Congress passes legislation to end forced arbitration of sexual assault and harassment claims

Attorneys in a discussion

On February 10, 2022, Congress passed the Ending Forced Arbitration of Sexual Assault and Sexual Harassment Act. This legislation specifically provides individuals the choice of whether to arbitrate or take to court disputes involving claims of sexual assault or sexual harassment.

The Act, which now awaits President Biden’s signature, takes aim at predispute arbitration agreements (i.e., arbitration agreements that are entered into before any dispute has actually arisen) and predispute joint-action waivers (i.e., agreements that are made before any dispute has arisen and that waive the individual’s ability to bring his or her dispute in a joint, class, or collection action).

A sexual assault dispute is defined by the Act as a dispute involving a nonconsensual sexual act or sexual contact, including when the victim lacks capacity to consent. A sexual harassment dispute is defined as a dispute relating to: (a) Unwelcome sexual advances; (b) Unwanted physical contact that is sexual in nature, including assault; (c) Unwanted sexual attention, including unwanted sexual comments and propositions for sexual activity; (d) Conditioning professional, educational, consumer, health care, or long-term care benefits on sexual activity; (e) Retaliation for rejecting unwanted sexual attention.

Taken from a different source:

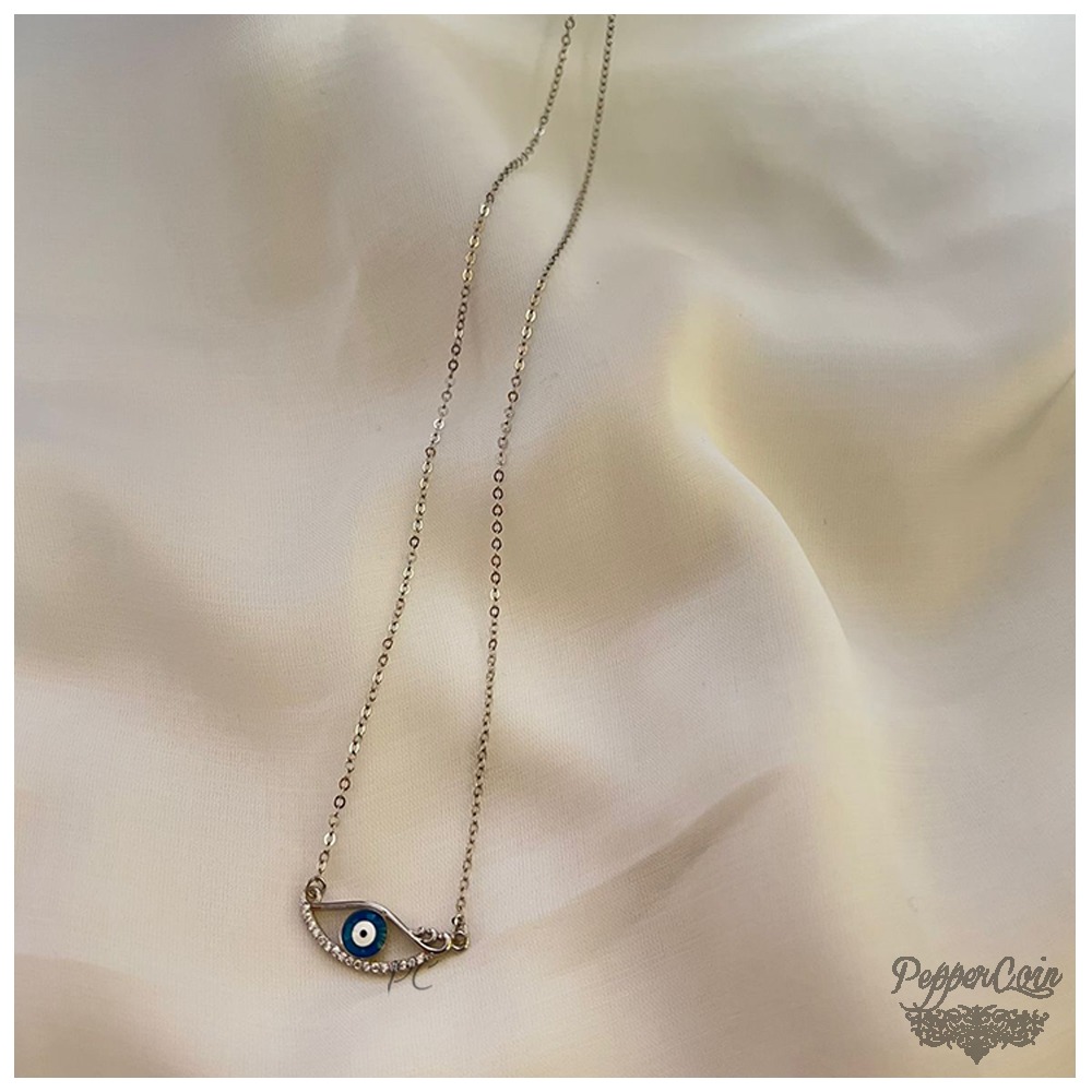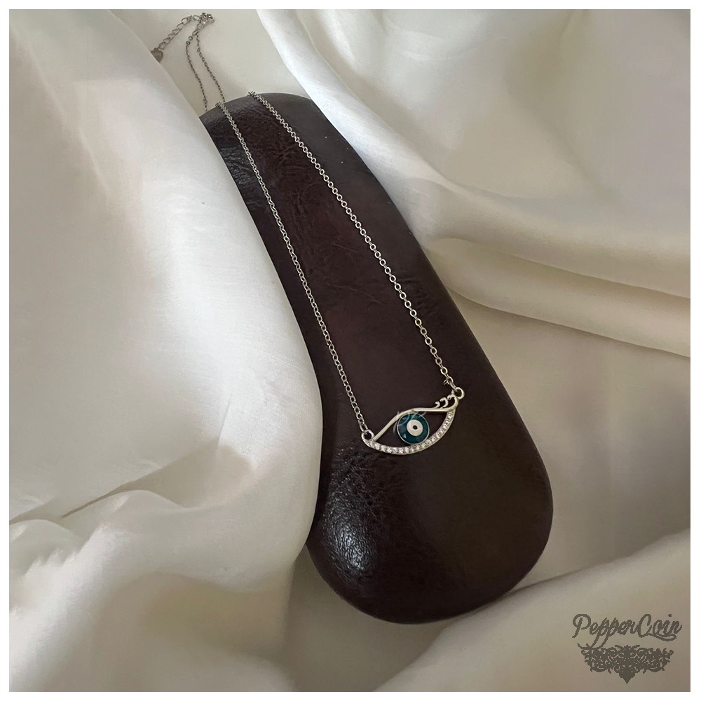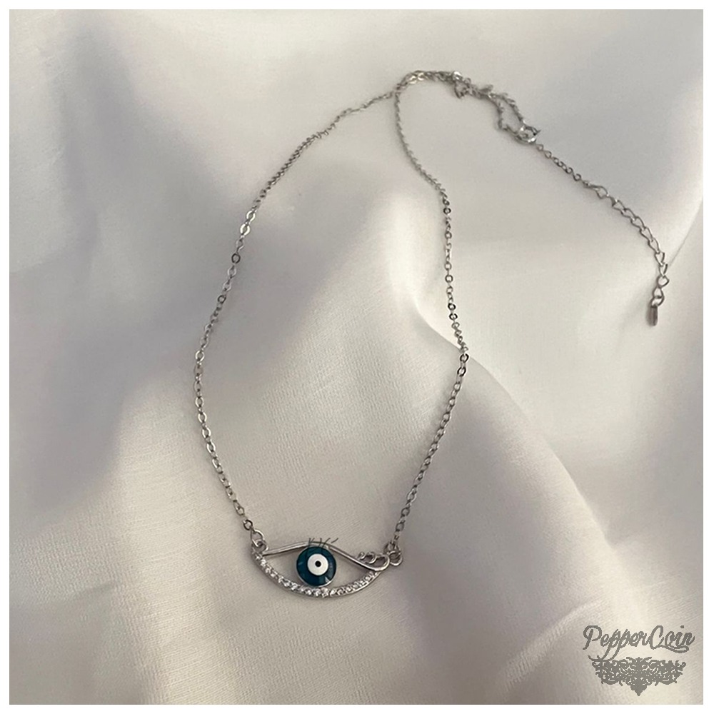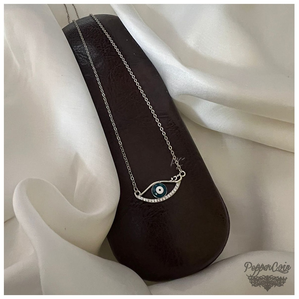 Lightweight evil eye silver neck chain for everyday wear. Length: 16 inches long along with half inch extra link to adjust length

Should President Biden sign the Act, which is expected, the Act applies to any sexual assault or harassment dispute or claim that arises or accrues on or after the Act is enacted.

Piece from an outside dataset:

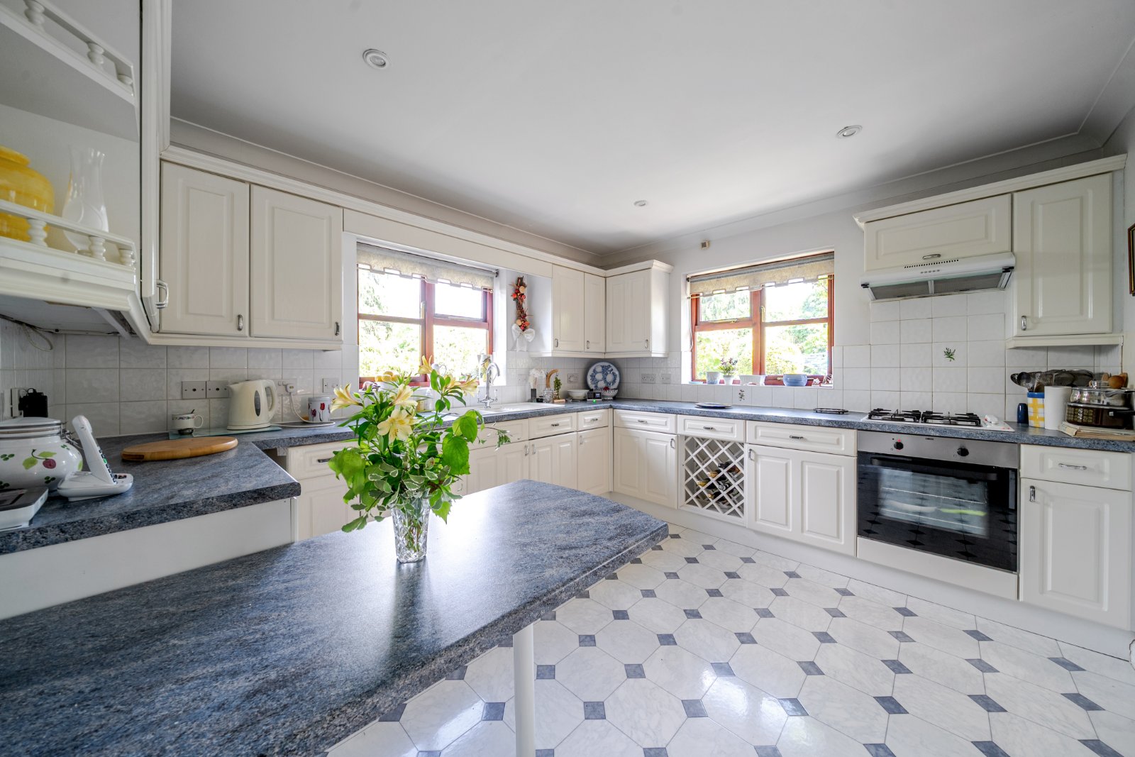 The ground floor is thoughtfully laid out, beginning with a welcoming entrance hall that opens into a spacious sitting room. Featuring a gas fireplace, this inviting space flows seamlessly into a bright conservatory with serene views over the garden. A separate dining room adjoins the well-equipped kitchen, creating a sociable layout ideal for family dining and entertaining. A useful utility room further enhances day-to-day convenience.

Any issues as to whether the Act applies to a particular dispute would be governed by federal law, and any issues regarding the applicability of the Act to a specific agreement, including issues related to the validity or enforceability of the agreement, would be determined by a court—not an arbitrator.

Considerations for employers

Given that this Act will likely become official soon, employers should contact their McAfee & Taft labor and employment attorney to review their arbitration agreements. The Act permits the individual to make the election as to whether their arbitration agreement would be considered valid or enforceable with respect to a case filed under federal, tribal, or state law that relates to the sexual assault or sexual harassment dispute. As such, arbitration agreements may need specific language to protect an employer’s ability to proceed with arbitration on non-sexual assault and non-sexual harassment disputes.

There is at least one important scenario the Act doesn’t seem to directly address—the issue of when an employee has multiple types of disputes. For example, as can be common with employment cases, the individual may claim sexual harassment, along with racial harassment, age discrimination, or failure to pay overtime. An arbitration agreement would cover all of these disputes, but under the Act, only the sexual harassment dispute could be taken to court at the individual’s election. Depending on how the Act will be interpreted, individuals may choose to sever their sexual harassment claims from their other employment-related disputes, leaving employers with the possibility of resolving the same person’s disputes in two separate forums.

Employers should also continue to stay apprised of this administration’s focus on arbitration agreements in general. Other bills are currently proposed that take broader aim at arbitration agreements, seeking to invalidate them for disputes beyond sexual misconduct. Whether these proposed laws garner the same bipartisan support as this Act is unclear, but it is certainly a trend to track.